Consider the sets $$ \begin{align*} &UC(y) = \{x: x \succeq y\},\\ &LC(y) = \{x: y \succeq x\},\\ &SUC(y) = \{x: x \succ y\},\\ &SLC(y) = \{x: y \succ x\}. \end{align*} $$ We have the following equivalences:

  • 1 is equivalent to the assumption that $SUC(y)$ is open.
  • 2 is equivalent to the assumption that $SLC(y)$ is open
  • 3 is equivalent to the assumption that $UC(y)$ is closed
  • 4 is equivalent to the assumption that $LC(y)$ is closed.

We also have that:

  • $SUC(y)$ is the complement of $LC(y)$.
  • $SLC(y)$ is the complement of $UC(y)$.

We also know that a set is open if and only if its complement is closed. From this it follows that $1$ is equivalent to $4$ and $2$ is equivalent to $3$.

Alternatively you can also proof it directly

Th 1 is equivalent to 4

proof ($1 \to 4$) Let $x_n \to x$ and $y \succeq x_n$. Towards a contradiction assume that $y \not \succeq x$ which means that $x \succ y$. Then we know that there exists an open ball $B_r$ around $x$ such that for all $z \in B_r$, $z \succ y$. But for $n$ large enough we have that $x_n \in B_r$, so for $n$ large enough also $x_n \succ y$, which is a contradiction.

$(4 \to 1)$. Assume that $x \succ y$ and assume that for all open balls $B_r$ around $x$ there exists an $z_r$ such that $z_r \not \succ y$, which means that $y \succeq z_r$. Take a sequence $r_n \to 0$ which generates a sequence $z_n$ with $y \succeq z_n$ and $z_n \to x$. Assumption 4 then gives that $y \succeq x$, which gives the desired contradiction.

The equivalence between 2 and 3 can be shown in a similar way.

... continue answer

Other continuity conditions

Consider in addition the following 2 conditions

  1. If $x \succ y$ there is a ball $B_r$ around $x$ and a ball $B_s$ around $y$ such that for all $z \in B_r$ and $w \in B_s$, $z \succ w$.

  2. If $x_n \to x$ and $y_n \to y$ and for all $n$, $y_n \succeq x_n$ then $y \succeq x$.

Let us first show that these two are equivalent

Th $5$ is equivalent to $6$.

proof Assume that $5$ holds. Let $x_n \to x$ and $y_n \to y$ with $y_n \succeq x_n$ for all $n$. Towards a contradiction assume that $y \not \succeq x$. Then $x \succ y$. As such, there should be a ball $B_r$ around $x$ and $B_s$ around $y$ such that for all $z \in B_r$ and $w \in B_s$, $z \succ w$. Now, for all $n$ big enough $x_n \in B_r$ and $y_n \in B_s$. As such, for $n$ big enough $x_n \succ y_n$, a contradiction.

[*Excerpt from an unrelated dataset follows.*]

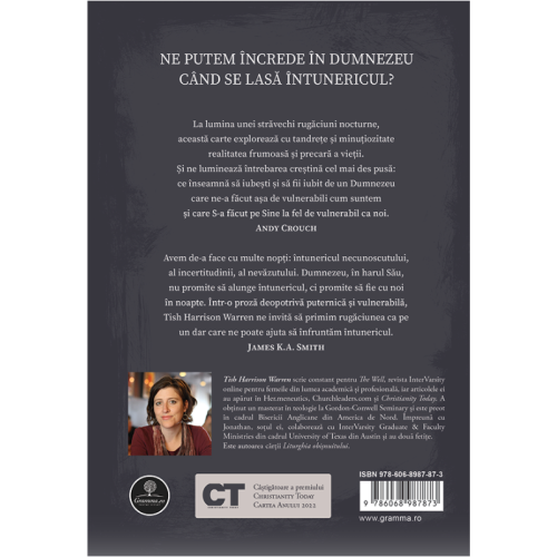 Avem de-a face cu multe nopți: întunericul necunoscutului, al incertitudinii, al nevăzutului. Dumnezeu, în harul Său, nu promite să alunge întunericul, ci promite să fie cu noi în noapte. Într-o proză deopotrivă puternică și vulnerabilă, Tish Harrison Warren ne invită să primim rugăciunea ca pe un dar care ne poate ajuta să înfruntăm întunericul.

For the reverse, assume that $6$ holds $x \succ y$ and, towards a contradiction for all balls $B_r$ around $x$ and $B_s$ around $y$, there are $z \in B_r$ and $w \in B_s$ such that $w \succeq z$. Let $r_n \to 0$ and $s_n \to 0$ then we can generate a sequence $z_n \in B_{r_n}$ and $w_n \in B_{s_n}$ such that $z_n \to x$, $w_n \to y$. And for all $n$, $w_n \succeq z_n$. this gives (by $6$) that $y \succeq x$, a contradiction.

Connecting the various conditions together

Remember from the first part the following two conditions:

  1. $\forall x, y$, if $x_n \to x$ and $y \succeq x_n$ for all $n$ then $y \succeq x$ $\leftrightarrow$ $\forall y$, $LC(y)$ is closed, $\leftrightarrow$ $\forall y$, $SUC(y)$ is open

  2. $\forall x, y$ if $y_n \to y$ and $y_n \succeq x$ for all $n$ then $y \succeq x$ $\leftrightarrow$ $\forall x$, $UC(x)$ is closed $\leftrightarrow$ $\forall x$, $SLC(x)$ is open

The following result shows the equivalence between $5$ (or $6$)$ and $7$ and $8$. It is also exercise 3.C.3 in MWG (if you would be interested). The proof is not so self-evident.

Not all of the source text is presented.